Собственно, на этом и строился весь расчет. Вколоченные годами службы на уровень подсознания навыки армейца, увидевшего перед собой эсэсовского офицера, должны были сработать раньше, чем в его мозгу начнут формироваться вопросы. И уже только от Корнеева зависело, как сделать, чтоб они не возникли вовсе или появились слишком поздно.
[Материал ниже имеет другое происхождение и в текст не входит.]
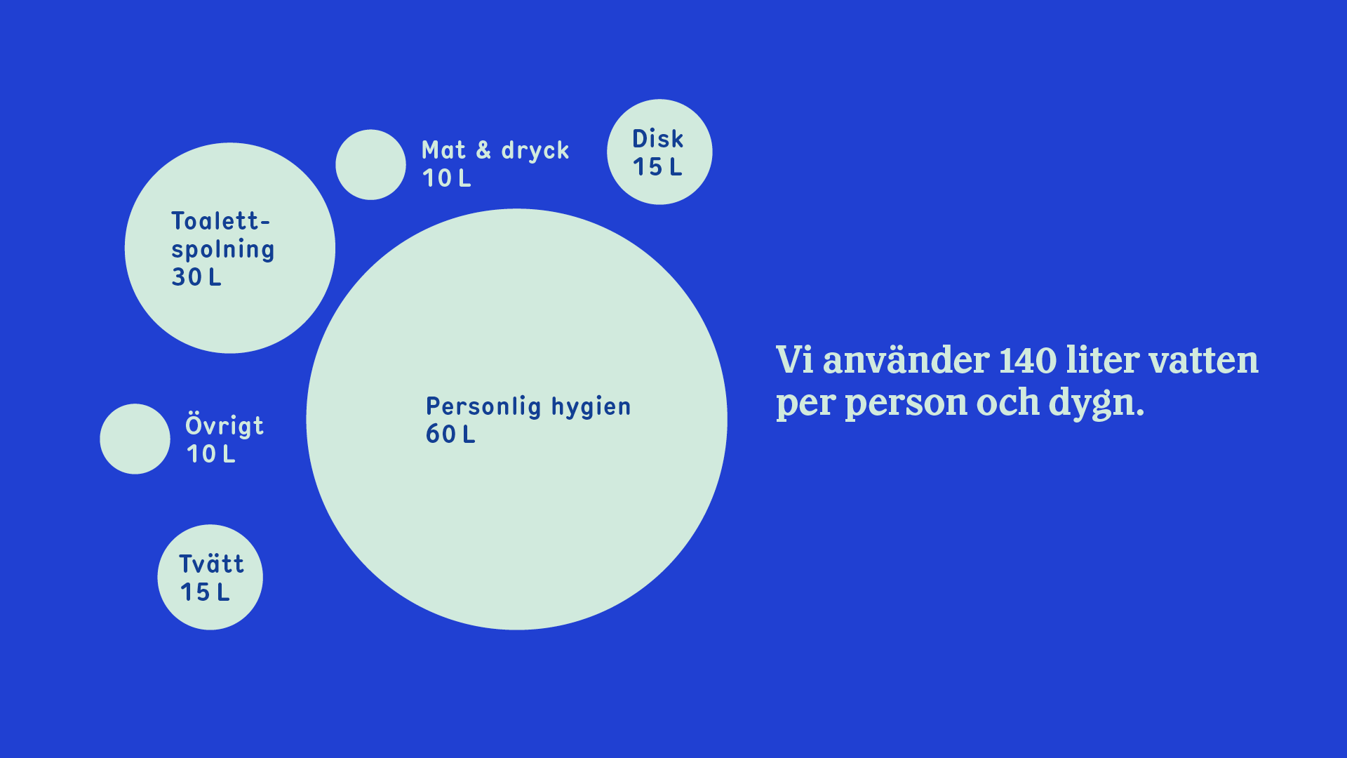 en person använder i genomsnitt 140 liter vatten per dygn!
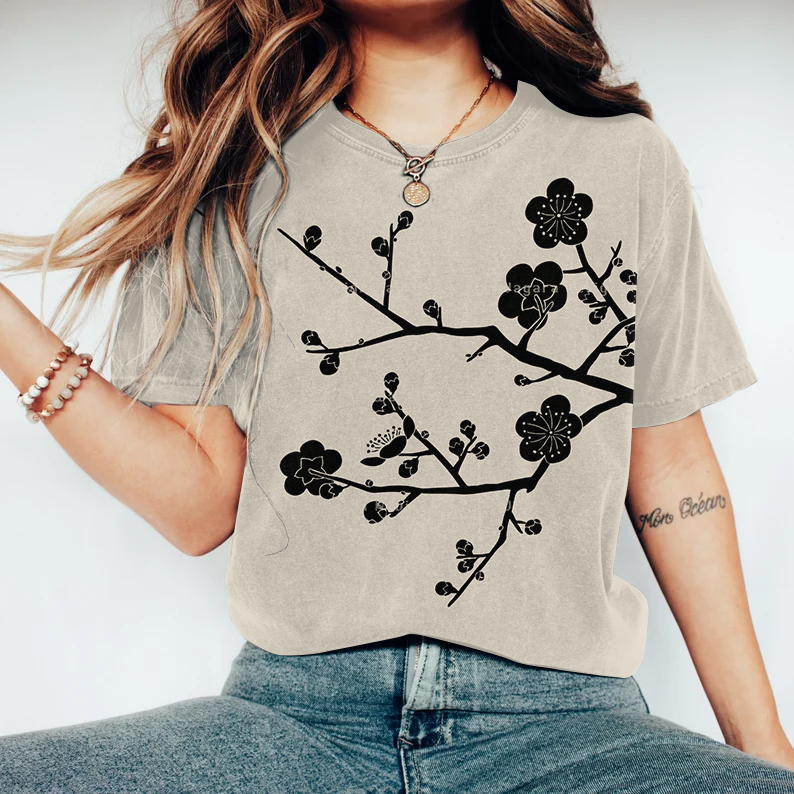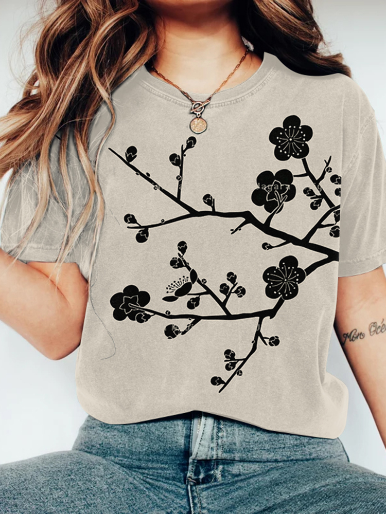 Vintage Japanese Art Sakura Round Neck T-Shirt
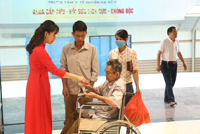 | Nhân viên Trung tâm y tế huyện Hạ Hòa trao thẻ cho người dân khám theo yêu cầu tại Trung tâm khám chữa bệnh chất lượng cao (Ảnh: TTYT Hạ Hòa). |

– Хайль… – Корнеев ответил несколько небрежно, как бы подчеркивая огромную пропасть между эсэсовским офицером и фельдфебелем вермахта. – Почему так долго? Группа еще вчера должна была прибыть на точку! Из-за вашего опоздания мне пришлось задержаться здесь на целые сутки.
– Виноват, господин оберштурмфюрер. Моя команда почти трое суток ждала погрузку. Это у моряков из-за внезапно разгулявшегося шторма что-то не заладилось. Потом никак не могли выделить транспорт. Сперва планировали отправить десантную баржу, но тоже не получилось. Позже, как я слышал, говорили даже о подводной лодке. А вообще, мне кажется…
С задержкой Корнеев брякнул наугад. Исходя из того, что в любой армии никогда и ничего не делается вовремя, особенно если в операции задействованы разные рода войск. Независимо от размера обозначенной задачи. Да и дот был как-то странно оставлен без присмотра.
Услышав голоса, доносящиеся с бункера, следующий фриц, уже сунувшийся было в люк, замер, так и не дотянувшись ботинком до скобы, а потом резко втянул ногу обратно. Остававшиеся наверху немцы быстро перебросились парой коротких фраз, после чего над краем проема показалась удивленная физиономия.
– Эй, Руди, ты с кем там… Ух! Доннерветтер… – голова исчезла гораздо быстрее, чем появилась, и сверху донеслось невнятное, но весьма оживленное: «Бу-бу-бу-бу…»
– Доложите, как положено, – Корнеев бросил на потолок демонстративно недовольный взгляд и бесцеремонно прервал рассуждения немца, не давая тому углубиться в рассуждения, которые вполне логично могли перейти в вопросы. Заодно напоминая о том, кто здесь главный.
– Виноват! – снова вытянулся тот. – Унтер-фельдфебель Рудольф Глюкман. Двадцать девятая штрафная рота. Командир сводного отряда «Омега двести семнадцать». Численность отряда – шестнадцать рядовых и два ефрейтора. Задача…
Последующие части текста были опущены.